_Material for this exercise:_
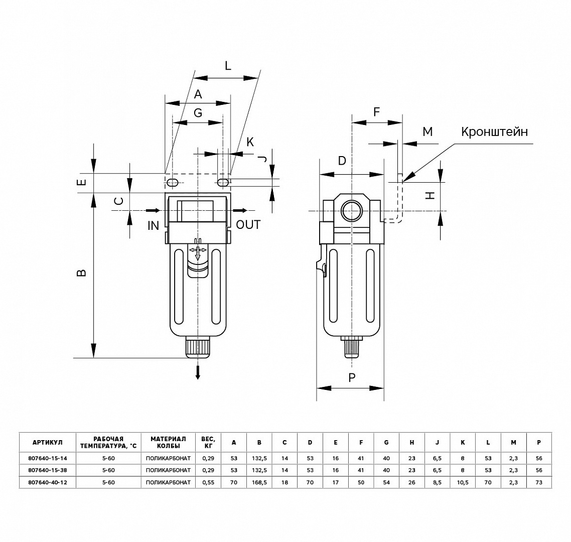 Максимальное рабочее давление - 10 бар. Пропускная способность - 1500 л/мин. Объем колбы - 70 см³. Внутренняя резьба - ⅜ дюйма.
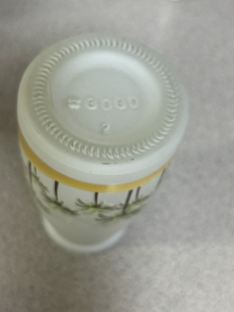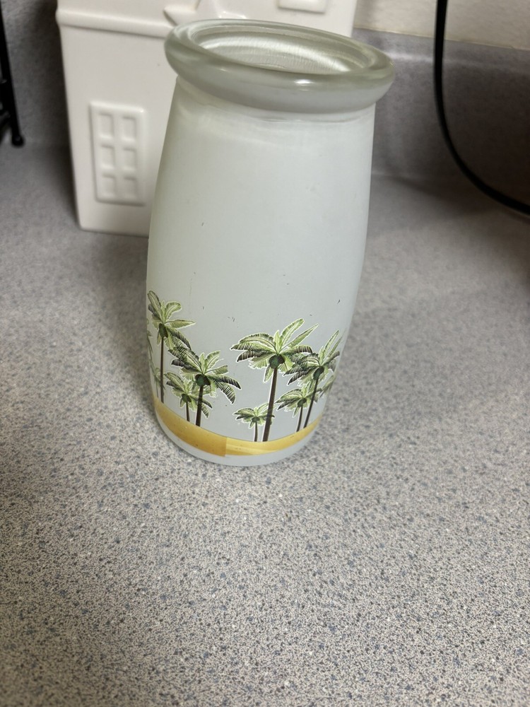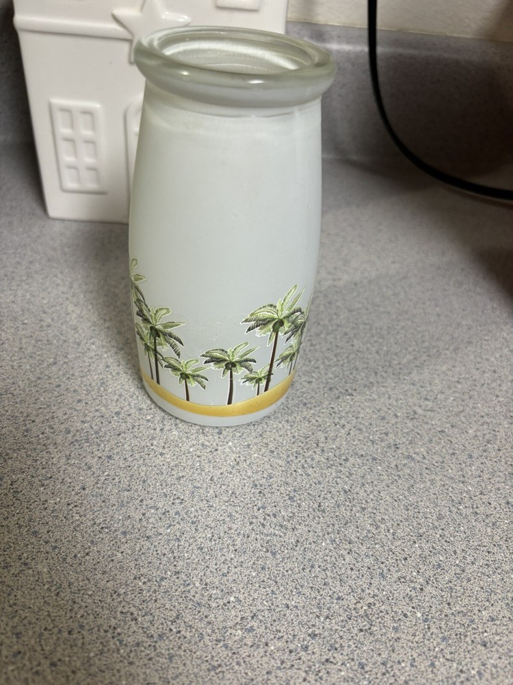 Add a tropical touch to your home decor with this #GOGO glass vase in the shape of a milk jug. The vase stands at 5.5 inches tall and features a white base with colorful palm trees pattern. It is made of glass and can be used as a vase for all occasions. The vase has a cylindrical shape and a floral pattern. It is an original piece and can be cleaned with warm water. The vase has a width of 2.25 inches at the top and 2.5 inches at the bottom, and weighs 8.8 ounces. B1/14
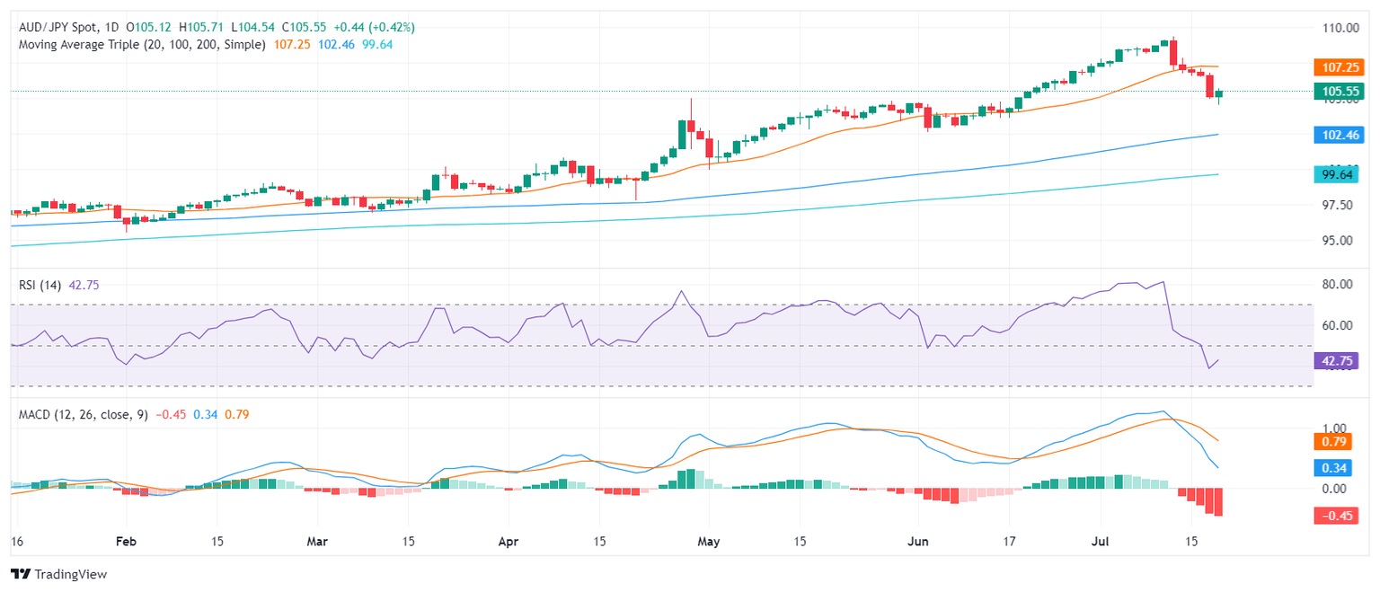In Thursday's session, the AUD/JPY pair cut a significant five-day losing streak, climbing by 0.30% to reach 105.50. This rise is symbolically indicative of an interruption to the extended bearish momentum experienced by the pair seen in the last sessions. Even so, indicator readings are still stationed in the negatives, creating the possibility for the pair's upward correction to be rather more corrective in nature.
==
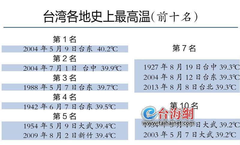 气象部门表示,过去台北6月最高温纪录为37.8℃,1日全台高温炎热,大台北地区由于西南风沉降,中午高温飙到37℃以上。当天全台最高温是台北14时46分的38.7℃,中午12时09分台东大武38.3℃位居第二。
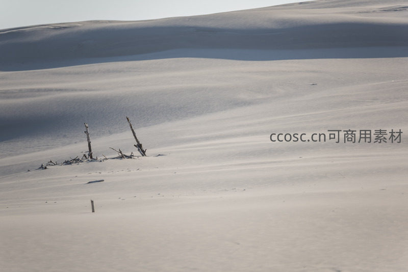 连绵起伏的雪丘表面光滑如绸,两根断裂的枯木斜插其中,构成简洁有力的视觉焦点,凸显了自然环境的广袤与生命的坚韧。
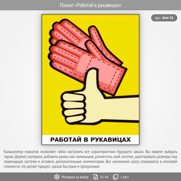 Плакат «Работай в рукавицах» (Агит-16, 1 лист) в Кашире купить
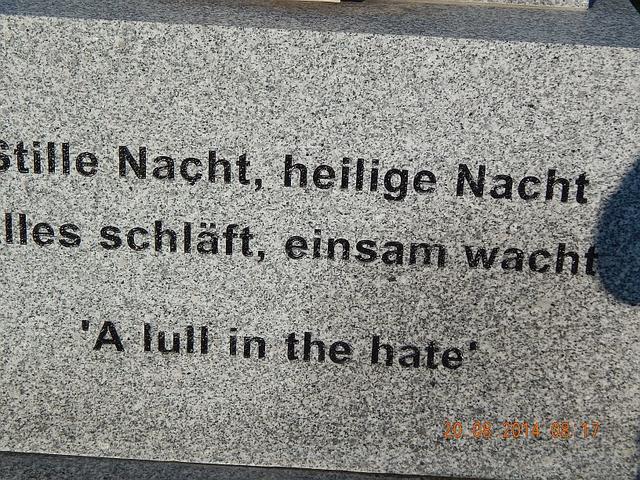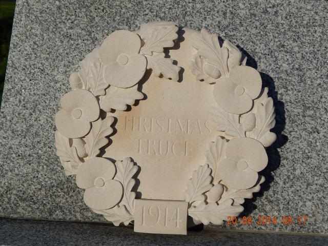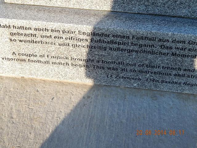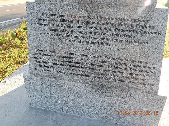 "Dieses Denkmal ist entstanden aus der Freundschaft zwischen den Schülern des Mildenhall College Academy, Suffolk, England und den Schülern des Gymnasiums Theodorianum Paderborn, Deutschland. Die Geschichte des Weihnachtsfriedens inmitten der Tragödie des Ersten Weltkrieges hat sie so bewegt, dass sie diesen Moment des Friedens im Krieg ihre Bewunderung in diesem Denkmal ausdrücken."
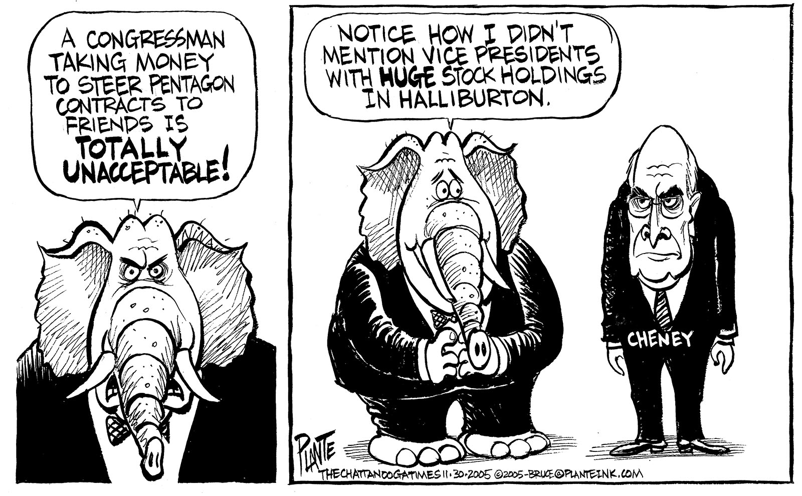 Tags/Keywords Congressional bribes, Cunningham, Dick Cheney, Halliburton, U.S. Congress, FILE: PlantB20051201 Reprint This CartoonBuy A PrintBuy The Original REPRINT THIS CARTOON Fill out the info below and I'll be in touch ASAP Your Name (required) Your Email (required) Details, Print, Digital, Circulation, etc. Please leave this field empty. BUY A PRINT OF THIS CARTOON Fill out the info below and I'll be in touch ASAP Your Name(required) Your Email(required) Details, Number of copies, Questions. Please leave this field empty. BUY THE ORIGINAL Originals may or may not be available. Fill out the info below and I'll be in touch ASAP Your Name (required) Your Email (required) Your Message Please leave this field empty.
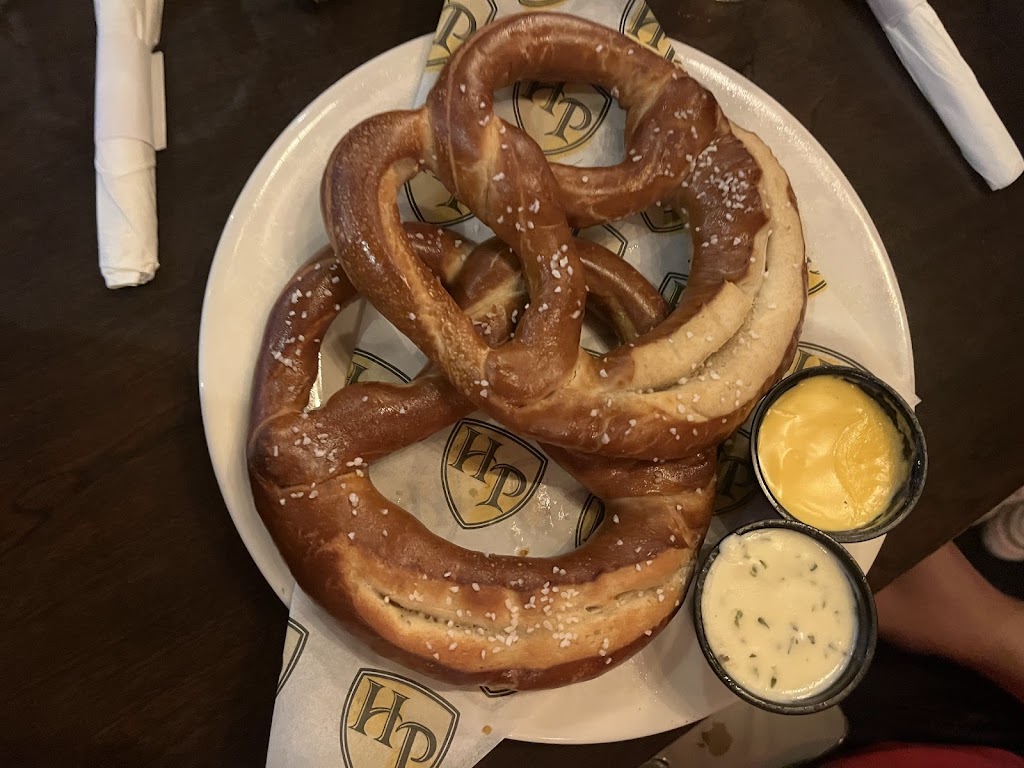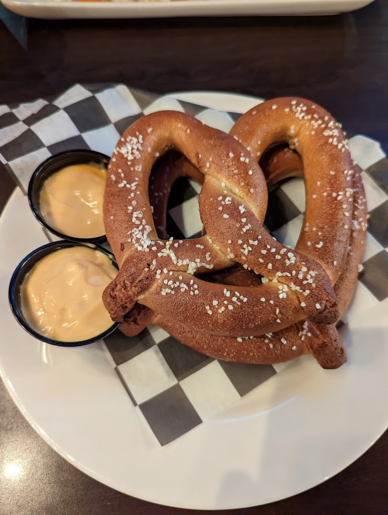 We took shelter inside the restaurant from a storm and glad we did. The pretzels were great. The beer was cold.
--
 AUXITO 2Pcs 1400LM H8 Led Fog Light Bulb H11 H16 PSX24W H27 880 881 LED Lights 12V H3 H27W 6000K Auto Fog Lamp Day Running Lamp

_Your assignment:_ Print an exact copy of the lines above, from the one containing "Максимальное рабочее давление" through the one containing "In Thursday's session, the", and leave out the pictures.

_Reply:_
 Максимальное рабочее давление - 10 бар. Пропускная способность - 1500 л/мин. Объем колбы - 70 см³. Внутренняя резьба - ⅜ дюйма.
 Add a tropical touch to your home decor with this #GOGO glass vase in the shape of a milk jug. The vase stands at 5.5 inches tall and features a white base with colorful palm trees pattern. It is made of glass and can be used as a vase for all occasions. The vase has a cylindrical shape and a floral pattern. It is an original piece and can be cleaned with warm water. The vase has a width of 2.25 inches at the top and 2.5 inches at the bottom, and weighs 8.8 ounces. B1/14
In Thursday's session, the AUD/JPY pair cut a significant five-day losing streak, climbing by 0.30% to reach 105.50. This rise is symbolically indicative of an interruption to the extended bearish momentum experienced by the pair seen in the last sessions. Even so, indicator readings are still stationed in the negatives, creating the possibility for the pair's upward correction to be rather more corrective in nature.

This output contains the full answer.